Measurement and Collection of Data

In the service industry, many companies struggle to measure and collect data. The reasons for this are varied but the impact is the same–if you don’t have reliable, valid data, it will be nearly impossible to carry a Six Sigma project through to completion. The obvious reason is that the measure, analyze, and improve steps of the DMAIC model require quantifiable data.

One of the main reasons that many service industry companies do not measure many of their inputs and outputs is because these variables are often difficult to measure. For example, how does a service company measure the satisfaction level of their customers? Customer surveys jumps to mind but these efforts are time consuming and costly. Further, even if a company commits to the costs associated with surveying customers, it is very difficult to measure customer satisfaction in a valid, reliable fashion. Consider how often you, personally, fill out customer satisfaction surveys. If you filled one out recently, you most likely received some sort of incentive to do so (think big dollars for the company that wanted that survey from you). Then if you did receive a survey, did that incentive alter the ratings you gave the company?

Another reason that service companies opt not to measure and collect data on some of their important inputs or outputs is that they do not believe that investing in the collection of such data will prove cost effective. In some cases, managers that make these decisions may be right. It does not make sense to measure every possible input or output variable. Key inputs and outputs, however, should be measured and tracked if a company intends to succeed.

Though I have not worked in the manufacturing industry, I suspect there is often less deliberating over whether to measure most input and output variables because most of them are relatively simple to measure.

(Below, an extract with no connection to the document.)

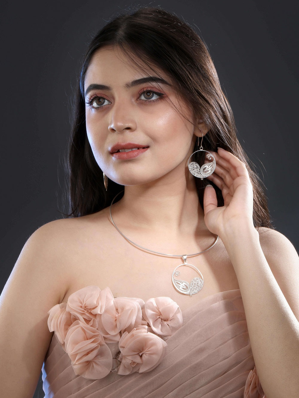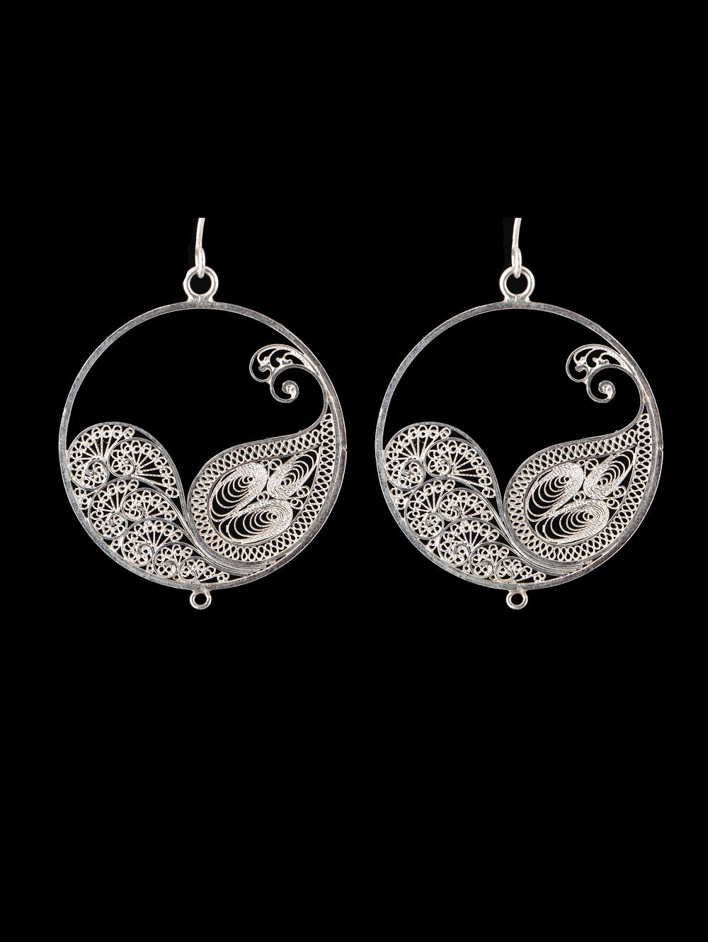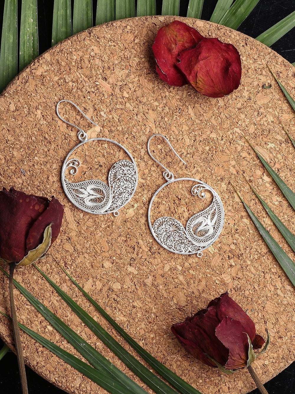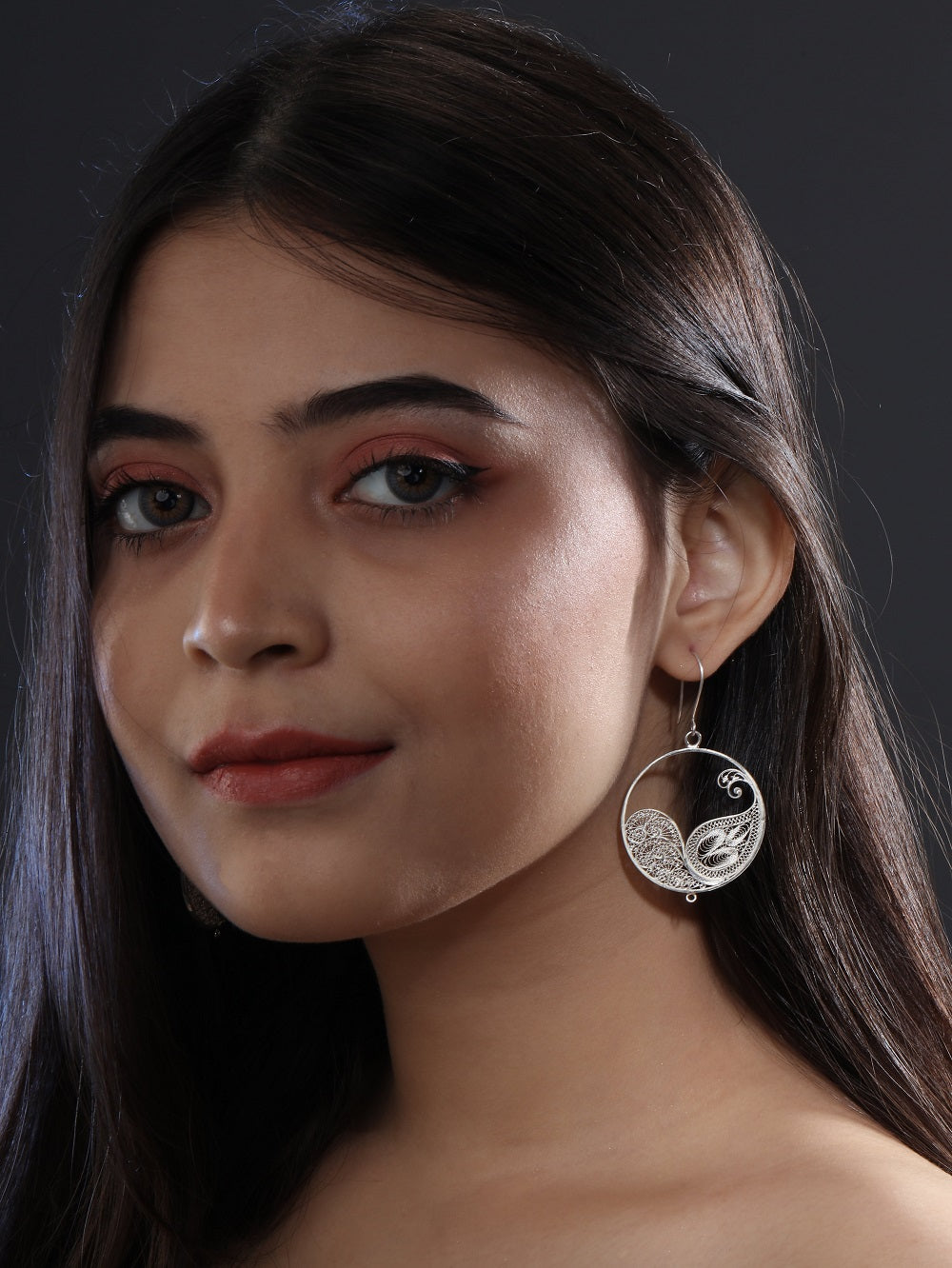This chaandbali (hoop) draws inspiration from the form and allure of a peacock; delicately trying to embrace its beauty and grace of its feathers that spread around, reflecting the legacy of India through organic linings of silver. Its quintessentially feminine and refined.

There are obviously still costs involved but many of the variables are a little more tangible than things like customer satisfaction.

I find the mental exercise of listing key input and output variables for a process useful. Then I review the list and identify which of the variables are already measured and collected. This way I can quickly identify projects with the greatest potential for success.

Making a business case to start measuring a key metric (that is not currently measured or tracked) can also be a useful strategy to create potential Six Sigma project opportunities.

While the service industry faces the challenge of measuring and collecting business data, there is hope and plenty of innovation opportunities for those that are persistent.